Database schema and mapping for each subgraph are hosted on IPFS, so anyone can start their own database and ingestor node, making the solution decentralized.
You can either use their hosted services or run your own nodes, and running your own node is easy (as long as you have access to an archive node).

These features make TheGraph a perfect fit for iExec. It allowed us to express our smart contract logic in clear on concise modules, make them available to everyone to maintain the highest level of decentralization, and deploy our own infrastructure to serve our frontends. This last point is particularly important as we want to make sure we can run our entire stack with no string attached to any other projects. It also means we can use the TheGraph toolkit not only on the public ethereum networks but also on private sidechains.

What does iExec’s TheGraph infrastructure look like?

TheGraph provides sources, executables and docker images for their software, making it very easy to run your own node. Yet, running it at scale is not as simple as one would think. After discussing their infrastructure, we came up with a design that fits iExec needs.

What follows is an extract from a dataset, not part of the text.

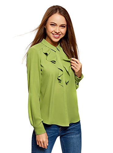 Oodji Collection Donna Camicetta in Tessuto Fluido con Volant, Verde, IT 40 / EU 36 / XS
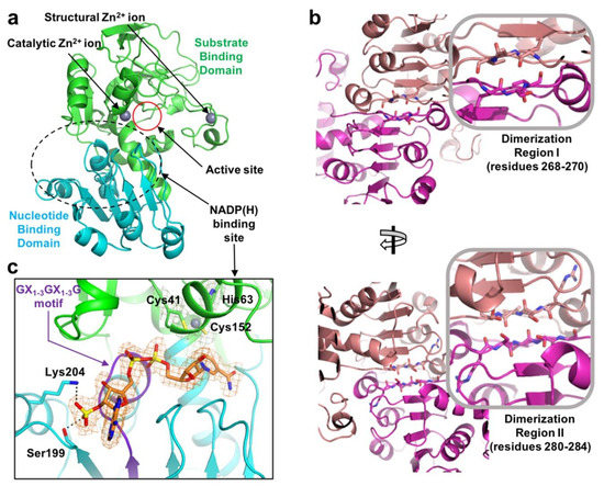 Structure of Escherichia coli YjgB (EcYjgB). (a) Overall structure. (b) Dimeric interface of EcYjgB. In the outcome of the Proteins, Interfaces, Structures, and Assemblies (PISA) analysis, the dimeric chains are colored as salmon and purple [19] (c) NADP binding site. The SBD (substrate-binding domain) and NBD (nucleotide-binding domain) are represented as green and cyan, respectively. The 2Fo-Fc electron densities of NADP (orange), and zinc ion (grey) with its coordinated residues (green) are shown at the 1.0 σ contoured level with their corresponded colors. The GX1–3GX1–3G motif is indicated as a purple cartoon.

Security is key at iExec. This means we don’t want to expose our offices to any DoS, and we are therefore hosting all public services on Cloud infrastructures. This includes our website, front ends (marketplace, explorer, …), and services like the iExec ‘watcher’. We are also relying on Infura’s archive nodes. We wanted to keep this design for our subgraphs, but we also wanted to index events on the sidechain, which is hosted on secured machines. These nodes are protected by firewalls, that only a few IPs can go through. Our offices are part of this whitelist. This is why we run an archive node, and a TheGraph ingestor locally, pushing structured data to a public database. In the meantime, we run an ingestor for the public networks on a machine that is close (low latency) to the database. A publicly available graphnode answers all queries from users, regardless of the blockchain they are asking for.

A (simplified) overview of the iExec and TheGraph hosted services infrastructures.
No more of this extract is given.